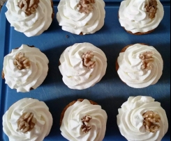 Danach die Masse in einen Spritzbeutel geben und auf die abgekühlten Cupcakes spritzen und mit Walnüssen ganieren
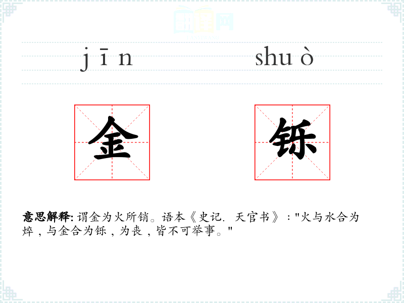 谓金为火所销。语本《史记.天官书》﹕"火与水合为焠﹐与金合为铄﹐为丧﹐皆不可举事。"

* * *

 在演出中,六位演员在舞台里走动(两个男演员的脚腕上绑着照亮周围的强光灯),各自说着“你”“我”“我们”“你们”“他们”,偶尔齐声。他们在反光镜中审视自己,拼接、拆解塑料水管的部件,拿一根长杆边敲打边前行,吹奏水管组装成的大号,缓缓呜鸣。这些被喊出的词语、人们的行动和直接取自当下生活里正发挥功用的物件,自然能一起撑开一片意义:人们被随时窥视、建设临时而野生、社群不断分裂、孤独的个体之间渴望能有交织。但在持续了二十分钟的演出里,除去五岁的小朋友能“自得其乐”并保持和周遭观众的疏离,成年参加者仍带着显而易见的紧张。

==

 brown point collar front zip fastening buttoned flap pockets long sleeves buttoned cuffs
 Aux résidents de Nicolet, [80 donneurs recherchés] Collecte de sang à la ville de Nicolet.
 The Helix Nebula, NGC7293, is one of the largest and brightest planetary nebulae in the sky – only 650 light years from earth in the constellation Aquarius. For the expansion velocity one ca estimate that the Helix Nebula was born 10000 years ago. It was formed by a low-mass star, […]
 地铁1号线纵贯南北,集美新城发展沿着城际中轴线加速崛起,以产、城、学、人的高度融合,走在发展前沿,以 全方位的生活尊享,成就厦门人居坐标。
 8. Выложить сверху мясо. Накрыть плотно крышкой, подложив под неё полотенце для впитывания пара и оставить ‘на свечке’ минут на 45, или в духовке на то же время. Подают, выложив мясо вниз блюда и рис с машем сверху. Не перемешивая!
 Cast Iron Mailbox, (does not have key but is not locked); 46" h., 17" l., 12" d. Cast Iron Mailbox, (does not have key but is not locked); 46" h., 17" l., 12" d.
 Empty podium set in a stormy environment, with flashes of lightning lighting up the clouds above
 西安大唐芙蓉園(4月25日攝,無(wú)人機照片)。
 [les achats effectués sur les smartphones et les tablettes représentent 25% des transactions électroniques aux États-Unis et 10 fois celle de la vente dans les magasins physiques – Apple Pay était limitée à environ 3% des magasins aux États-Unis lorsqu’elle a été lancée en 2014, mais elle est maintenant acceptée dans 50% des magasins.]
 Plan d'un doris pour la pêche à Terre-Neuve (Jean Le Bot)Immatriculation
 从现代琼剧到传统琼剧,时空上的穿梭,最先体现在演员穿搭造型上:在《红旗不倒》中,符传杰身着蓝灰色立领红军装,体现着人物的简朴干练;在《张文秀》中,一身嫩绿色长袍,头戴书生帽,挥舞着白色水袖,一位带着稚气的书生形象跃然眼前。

* **Problem requirements**:
Please give back exactly the lines of this listing beginning at the line with "[les achats effectués" and ending with the line with "从现代琼剧到传统琼剧,时空上", both included, and nothing else.

* **Response box**:
 [les achats effectués sur les smartphones et les tablettes représentent 25% des transactions électroniques aux États-Unis et 10 fois celle de la vente dans les magasins physiques – Apple Pay était limitée à environ 3% des magasins aux États-Unis lorsqu’elle a été lancée en 2014, mais elle est maintenant acceptée dans 50% des magasins.]
 Plan d'un doris pour la pêche à Terre-Neuve (Jean Le Bot)Immatriculation
 从现代琼剧到传统琼剧,时空上的穿梭,最先体现在演员穿搭造型上:在《红旗不倒》中,符传杰身着蓝灰色立领红军装,体现着人物的简朴干练;在《张文秀》中,一身嫩绿色长袍,头戴书生帽,挥舞着白色水袖,一位带着稚气的书生形象跃然眼前。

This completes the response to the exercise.